Гребенникова взорвало.

— Я попрошу вас изъясняться деликатней! Не забывайтесь, товарищ Роликов!

Гребенников заходил по узкому своему кабинету, находившемуся в той же конторе, где он работал и некоторое время жил.

— Я не забываюсь. Таков мой стиль разговора.

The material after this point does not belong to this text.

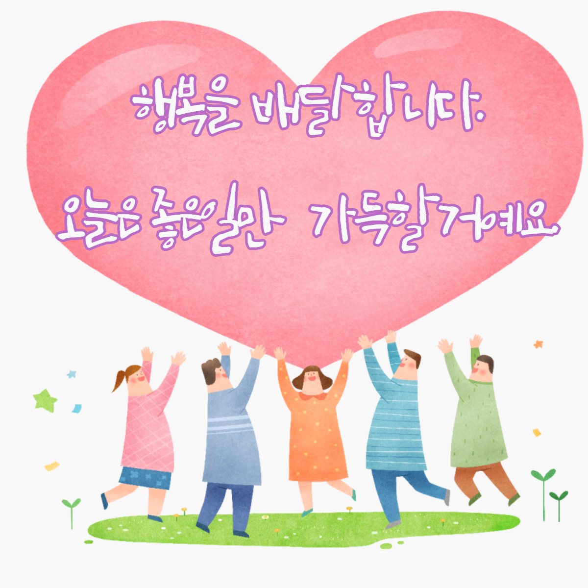 행복을 배달합니다. 오늘도 좋은 일만 가득할 거예요. 행복도 택배로 시킬 수 있으면 좋을 것 같아요.

— Дурной стиль! И я рекомендую вам изменить этот стиль. Пойдемте, однако, дальше. Есть вещи, которые у нас понимает пионер, но которых, кажется, ее понимает старый, опытный инженер.

Роликов повел бровями.

— Почему вы сбрасываете со счетов механизацию? Иную расстановку рабочей силы? Иную организацию труда? Внедрение новшеств? Рабочую смекалку? Нашу чудесную рабочую смекалку? Это не учитывается полностью, во всем объеме, потому что едва только начинает учитываться, как появляется новый фактор, опрокидывающий прежние расчеты. Впрочем, об этой азбуке мы говорить не станем. Послушайте меня, товарищ Роликов. Есть наконец, еще и такая вещь, как энтузиазм. Знакомо ли вам сие слово?

Роликов махнул рукой.

— Так вот, наша молодежь, да и не только молодежь, отличается еще и этим качеством. Комсомольская бригада может сделать чудеса, если умело руководить ею, если помочь ей, показать, научить. Молодость живет большой жизнью. И мы обязаны использовать энтузиазм народа. В этом наш долг, наша обязанность. А вы расхолаживаете людей скептицизмом, вооружаете молодежь против себя.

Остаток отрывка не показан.